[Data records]
%%
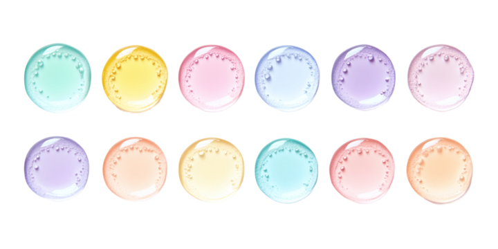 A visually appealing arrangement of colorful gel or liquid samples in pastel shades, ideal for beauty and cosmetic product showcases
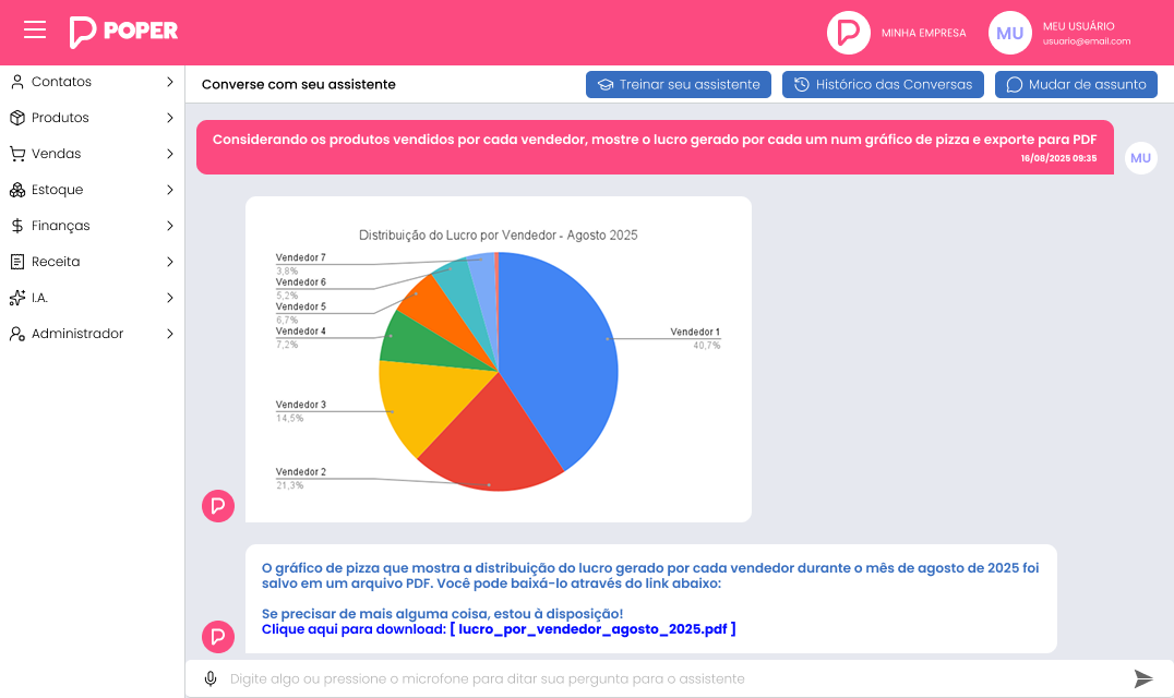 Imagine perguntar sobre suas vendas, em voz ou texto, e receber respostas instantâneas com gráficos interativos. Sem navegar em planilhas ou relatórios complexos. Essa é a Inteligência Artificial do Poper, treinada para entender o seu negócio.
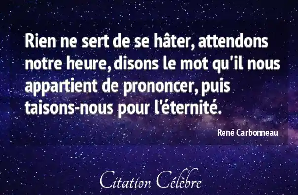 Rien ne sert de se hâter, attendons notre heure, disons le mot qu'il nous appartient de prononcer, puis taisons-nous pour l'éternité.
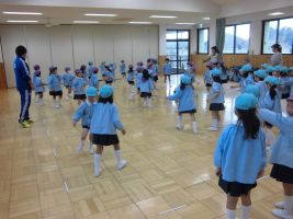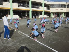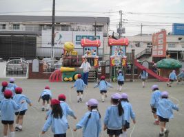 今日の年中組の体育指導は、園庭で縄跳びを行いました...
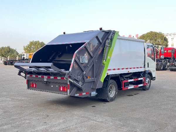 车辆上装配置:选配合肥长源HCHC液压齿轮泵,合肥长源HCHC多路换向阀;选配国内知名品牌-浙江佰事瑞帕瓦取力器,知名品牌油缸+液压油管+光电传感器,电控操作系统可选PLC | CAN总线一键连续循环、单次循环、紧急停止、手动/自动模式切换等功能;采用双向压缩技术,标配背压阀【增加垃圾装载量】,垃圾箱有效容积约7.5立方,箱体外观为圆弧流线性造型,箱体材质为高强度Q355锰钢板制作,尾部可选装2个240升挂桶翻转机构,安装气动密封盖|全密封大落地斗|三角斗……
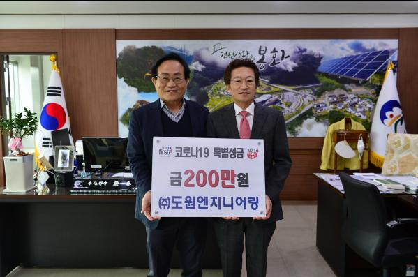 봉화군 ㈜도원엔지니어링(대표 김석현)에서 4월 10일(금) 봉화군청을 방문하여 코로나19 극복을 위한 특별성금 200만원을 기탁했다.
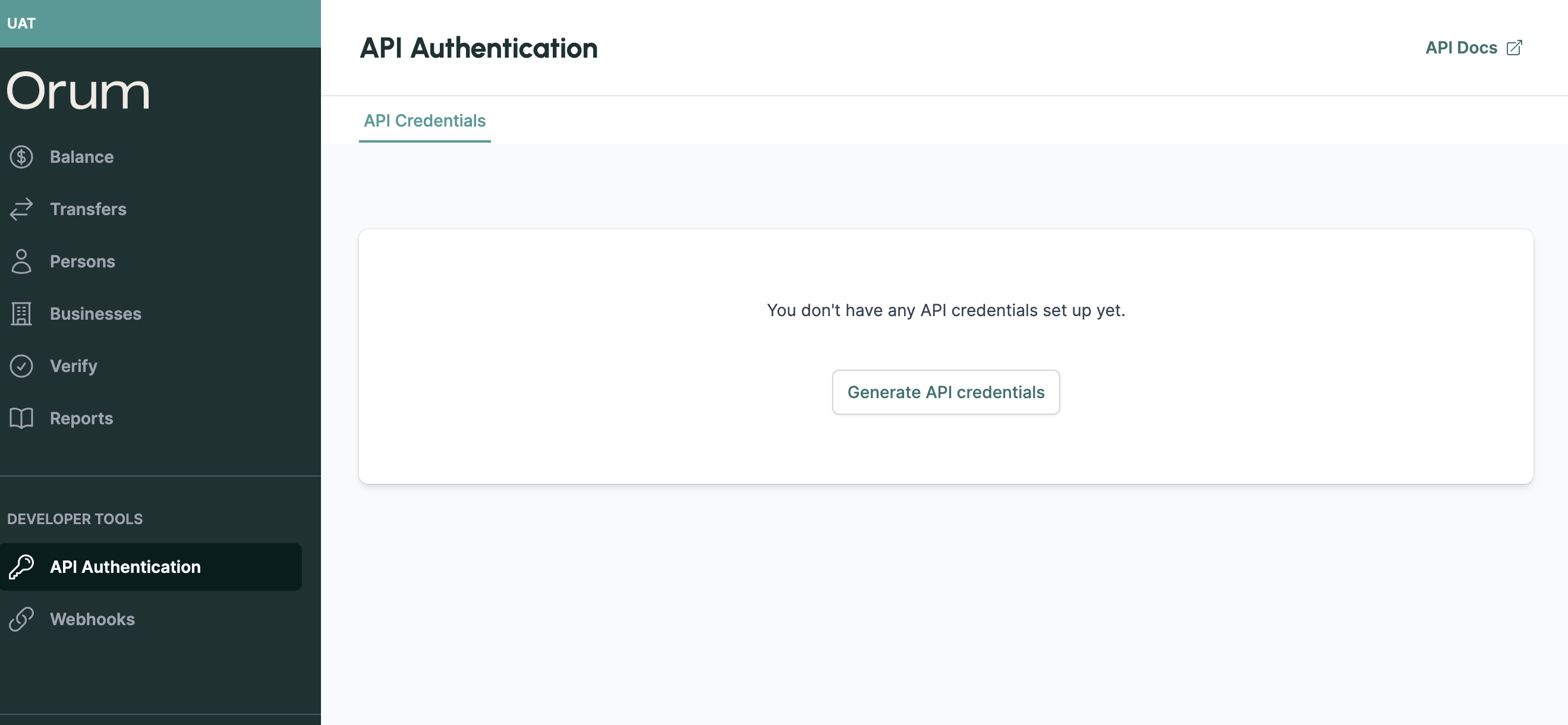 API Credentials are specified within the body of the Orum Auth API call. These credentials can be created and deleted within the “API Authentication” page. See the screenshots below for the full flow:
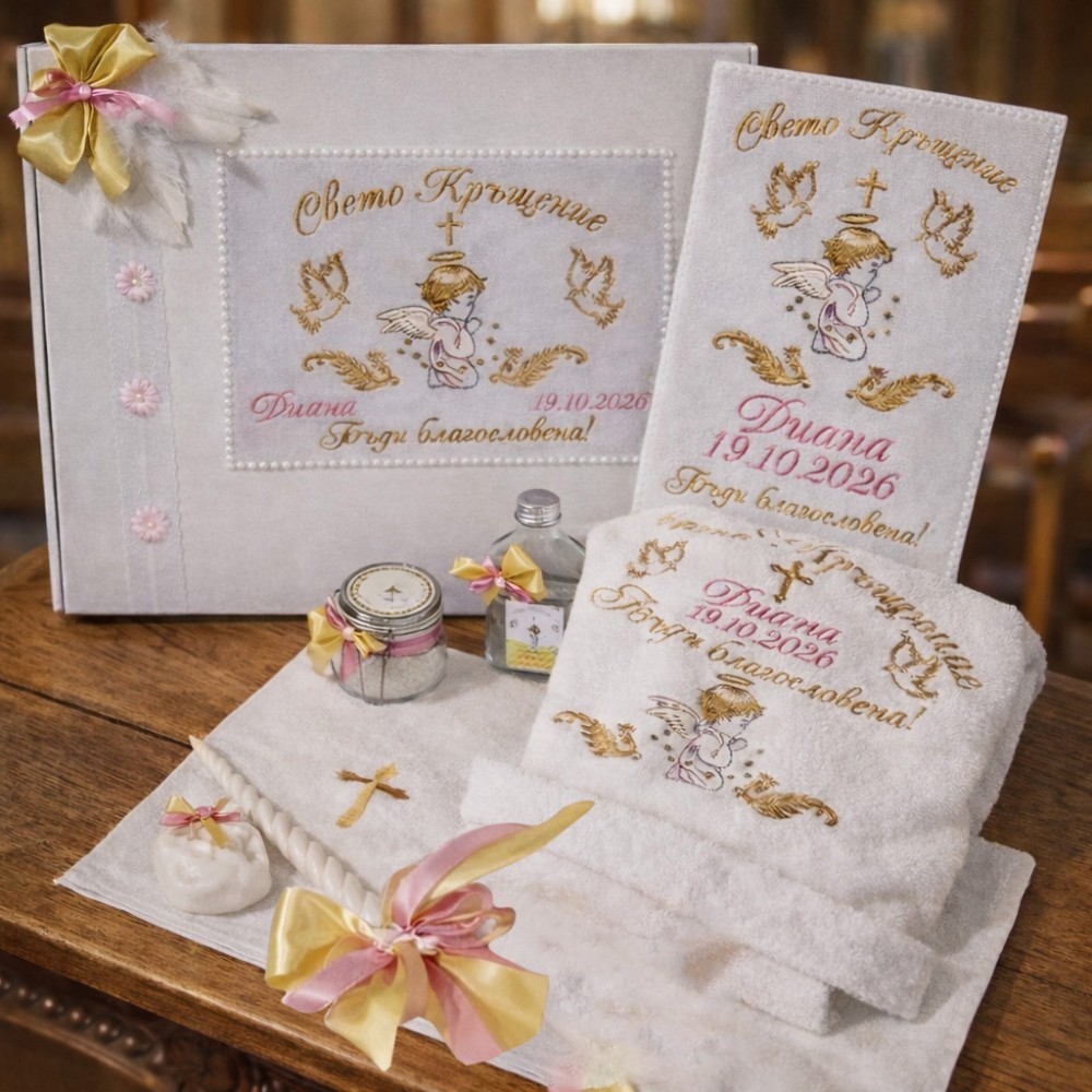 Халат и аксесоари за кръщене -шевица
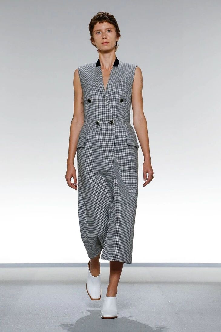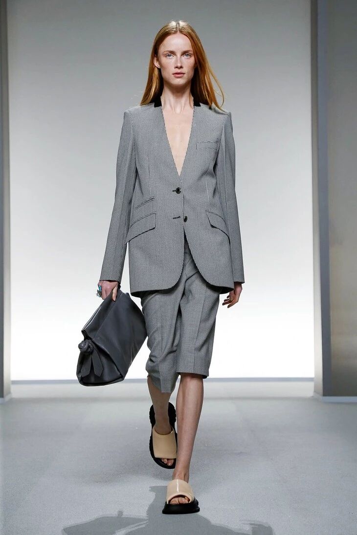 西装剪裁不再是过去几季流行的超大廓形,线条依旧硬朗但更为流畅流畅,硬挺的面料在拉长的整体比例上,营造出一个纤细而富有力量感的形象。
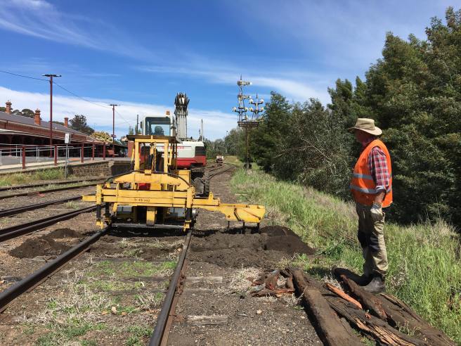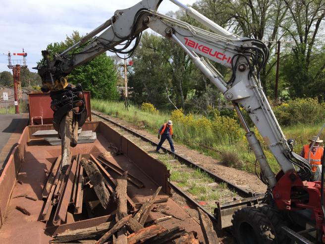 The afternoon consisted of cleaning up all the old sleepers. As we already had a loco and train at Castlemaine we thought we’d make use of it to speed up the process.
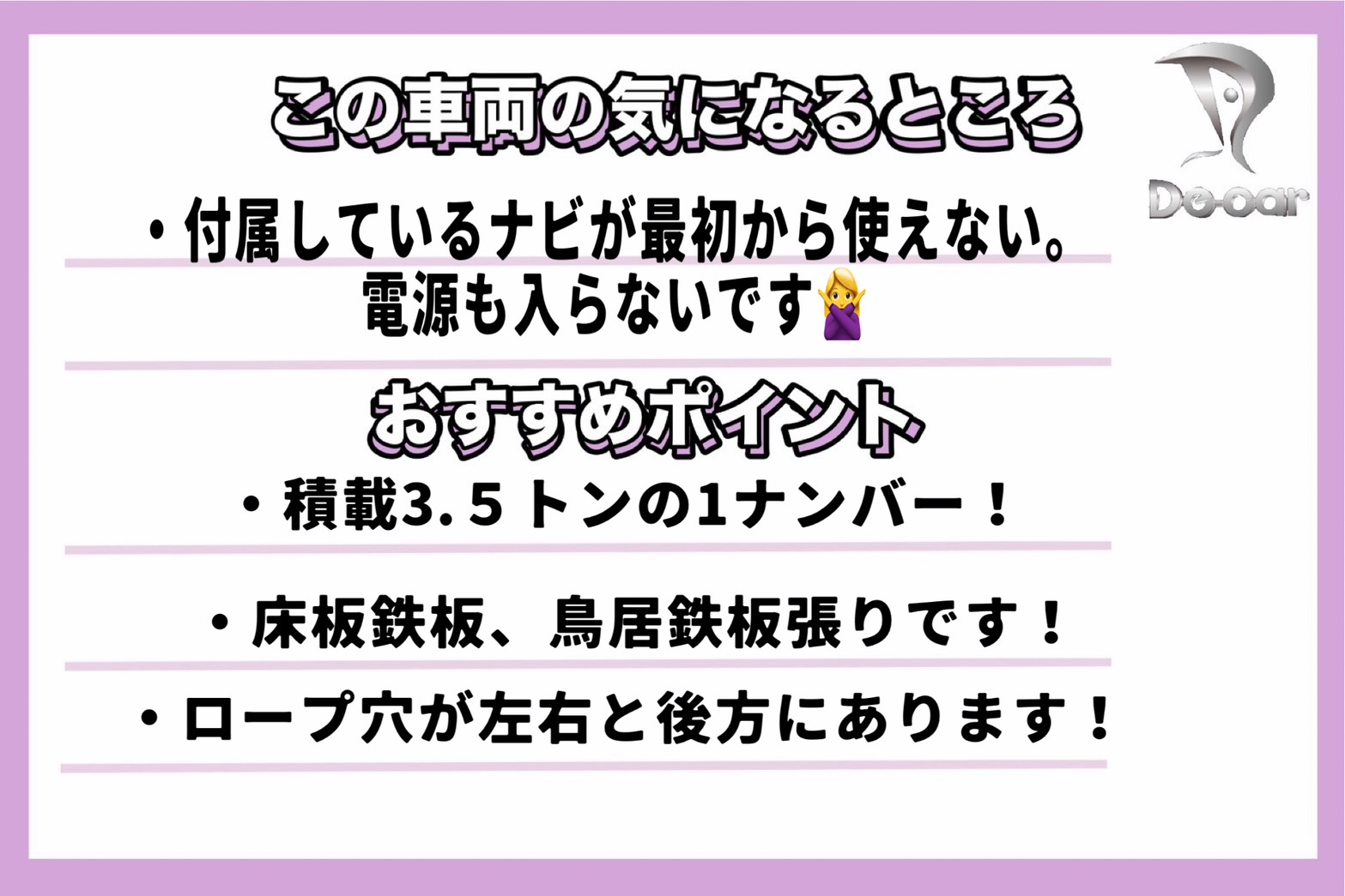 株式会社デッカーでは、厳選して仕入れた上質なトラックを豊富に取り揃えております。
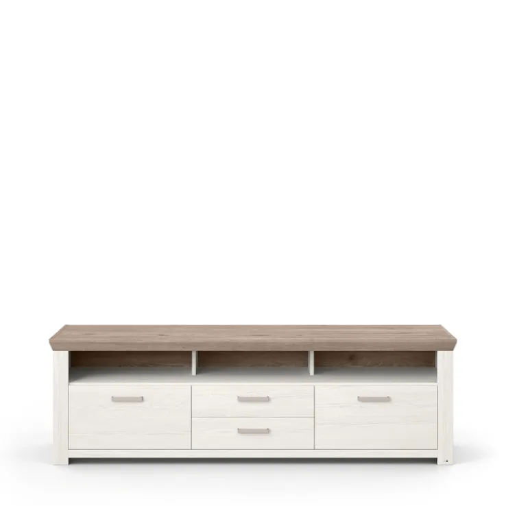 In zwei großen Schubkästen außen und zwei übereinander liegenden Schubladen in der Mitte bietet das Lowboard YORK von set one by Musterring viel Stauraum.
%%
[GOAL OF THE EXERCISE]
Write back word for word every line in the entries above from the one with "西装剪裁不再是过去几季流行的" to the one with "株式会社デッカーでは、厳選し", ends included, and none of the pictures.

[EXERCISE SOLUTION]
 西装剪裁不再是过去几季流行的超大廓形,线条依旧硬朗但更为流畅流畅,硬挺的面料在拉长的整体比例上,营造出一个纤细而富有力量感的形象。
 The afternoon consisted of cleaning up all the old sleepers. As we already had a loco and train at Castlemaine we thought we’d make use of it to speed up the process.
 株式会社デッカーでは、厳選して仕入れた上質なトラックを豊富に取り揃えております。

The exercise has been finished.